No idea if the delhezi is wild caught, it is getting on for 3 years old, and they weren't so widely available then, so may well be a wild. Oddly enough it's barely grown ever, and is still only about 6" long!

Mike515: Snakehead's are some of my favorite fish, keep meaning to pick up some groups of a few more species and see what I can get breeding. I'm hoping the orientalis will think about breeding soon.


----------



## Esfa (Apr 15, 2007)

ah just wondering, cause wild caughts tend to have really straight "bars" like this:










and captive breds tend to have more of a mottled patern:










yours is somewhere in the middle. :lol2:

What do you feed him? Mine didnt grow for ages, then suddenly grew like 3" overnight. :lol2:


----------



## xyra (Apr 26, 2007)

Yeh  It came from a maidenhead aquatics branch, only one they had, and the first I had seen for sale at the time for less than silly money. My guess is probably wild, but nothing really to base it on.

Lancefish is the main food, mainly as I can buy it for £6/kg which beats pretty much all else.

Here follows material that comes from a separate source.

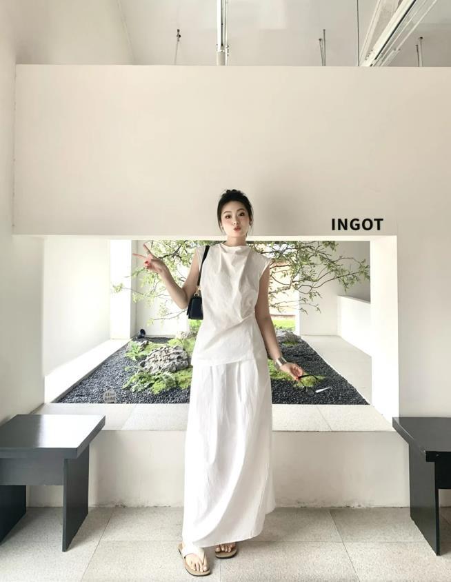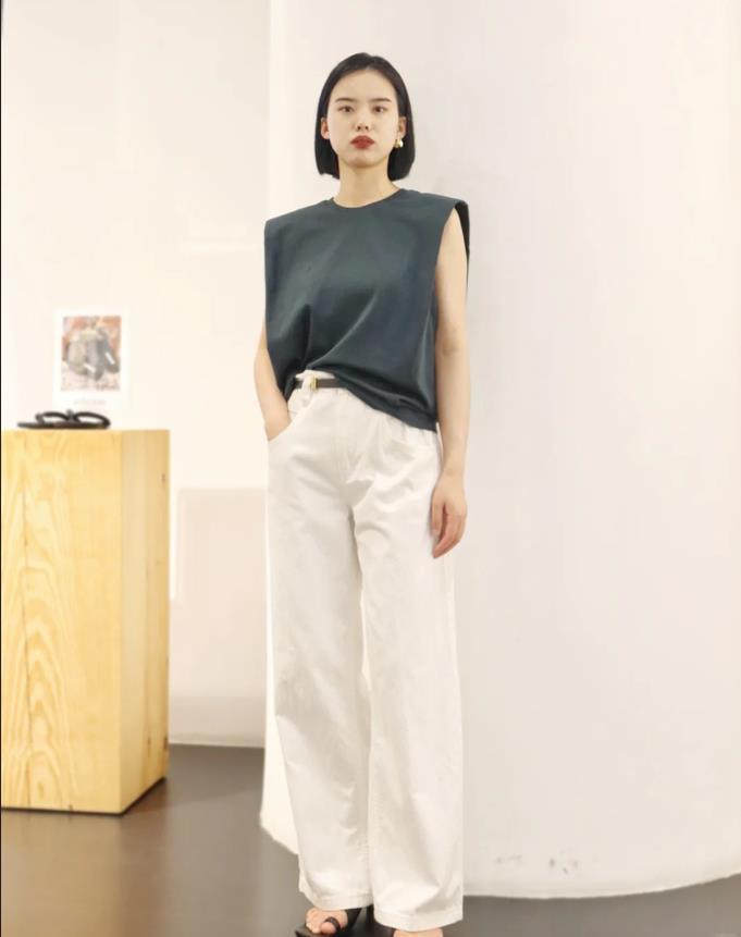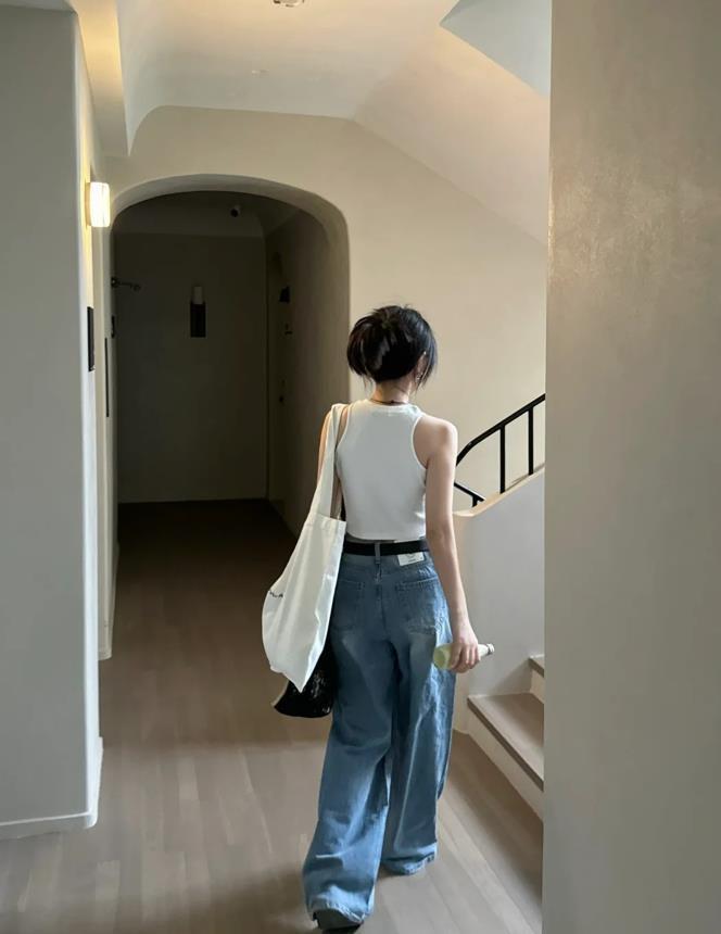 在這個夏天,無袖背心這件上衣可是很值得入手的,白色無袖背心,修身的款式,可以很好勾勒出完美的身段,再搭配起一條牛仔闊腿褲,這種垂墜感十足的褲子,加上寬鬆的褲型,可太顯瘦藏肉了。
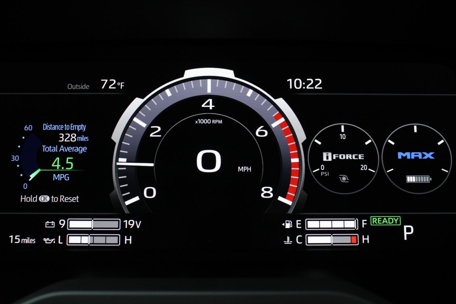 - Gauges -inc: Speedometer, Odometer, Voltmeter, Oil Pressure, Engine Coolant Temp, Tachometer, Traction Battery Level, Power/Regen, Trip Odometer and Trip Computer

Plus I've rarely had anything refuse it, and it doesn't seem to polute the water much.

Out of interest do you know how large the fish in that second pic you posted is? Just wondering as it still has external gills (I know they can stay until 12"+ but it is still pretty unusual to see them)


----------



## Esfa (Apr 15, 2007)

xyra said:


> Out of interest do you know how large the fish in that second pic you posted is? Just wondering as it still has external gills (I know they can stay until 12"+ but it is still pretty unusual to see them)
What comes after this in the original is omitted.